What the task requires
An exact copy of the listing below is needed, with no pictures in it.
[[ Supplied data open ]]
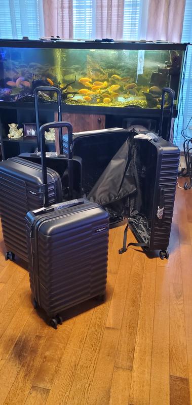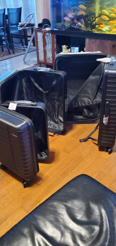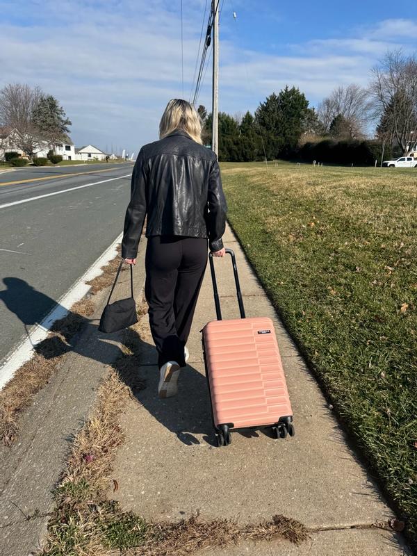 Absolutely love this set! The color is so fun and peachy. I actually just had my luggage broken so this came at the right time. The carry-on bag was perfect for a weekend trip, it fit two pairs of boots all my clothes and toiletries. I really also love that this set fits into each other. I often travel with one checked bag on the way out and buy so much stuff that I need a second bag so it would be perfect for those travel situations. The luggage was light, but also felt durable. I tossed around a bit on the sidewalk and it rolled smoothly. Really made me look at their products more positively and can’t wait to keep using this luggage set!
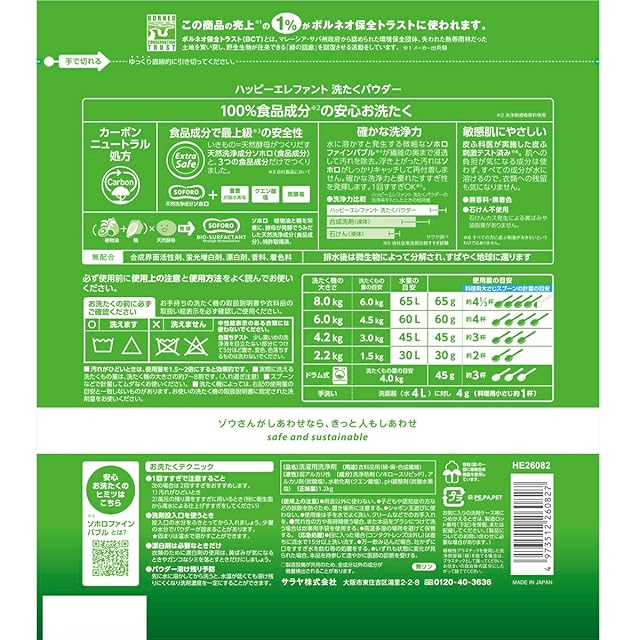 商品名:Happy Elephant サラヤ 洗たくパウダー 無香料 ハッピーエレファント 1.2kg
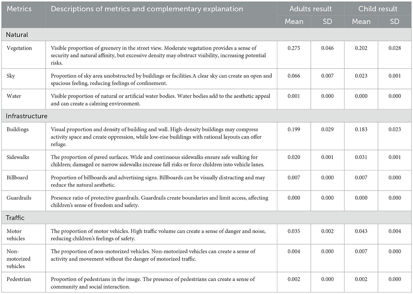 Finally, the collected SVIs were subjected to semantic segmentation, allowing for the precise calculation of the proportion of each environmental element within the images. Considering well-documented characteristics of children's cognition, such as their tendency for distractibility (Rueda et al., 2004), weaker ability to anticipate danger (Meyer et al., 2014), and behavioral patterns, including limited activity range (Fisher et al., 2015) and randomness in movement (Gong and He, 2016), the selection of evaluation variables prioritized those most likely to influence children's perception of safety. Specifically, 10 environmental elements were chosen, as shown in Table 1. The study further analyzed and explained the bidirectional relationship between these elements and safety perception.
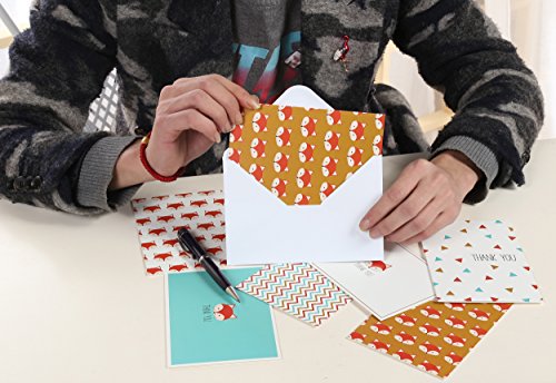 Thank You Cards - Greeting Cards - 6 Unique Cute Fox Designs - Bulk Box Set - Blank Inside - Includes 48 Cards and Envelopes - 4 x 6 inches
[[ Supplied data closed ]]
Output for this task
 Absolutely love this set! The color is so fun and peachy. I actually just had my luggage broken so this came at the right time. The carry-on bag was perfect for a weekend trip, it fit two pairs of boots all my clothes and toiletries. I really also love that this set fits into each other. I often travel with one checked bag on the way out and buy so much stuff that I need a second bag so it would be perfect for those travel situations. The luggage was light, but also felt durable. I tossed around a bit on the sidewalk and it rolled smoothly. Really made me look at their products more positively and can’t wait to keep using this luggage set!
 商品名:Happy Elephant サラヤ 洗たくパウダー 無香料 ハッピーエレファント 1.2kg
 Finally, the collected SVIs were subjected to semantic segmentation, allowing for the precise calculation of the proportion of each environmental element within the images. Considering well-documented characteristics of children's cognition, such as their tendency for distractibility (Rueda et al., 2004), weaker ability to anticipate danger (Meyer et al., 2014), and behavioral patterns, including limited activity range (Fisher et al., 2015) and randomness in movement (Gong and He, 2016), the selection of evaluation variables prioritized those most likely to influence children's perception of safety. Specifically, 10 environmental elements were chosen, as shown in Table 1. The study further analyzed and explained the bidirectional relationship between these elements and safety perception.
 Thank You Cards - Greeting Cards - 6 Unique Cute Fox Designs - Bulk Box Set - Blank Inside - Includes 48 Cards and Envelopes - 4 x 6 inches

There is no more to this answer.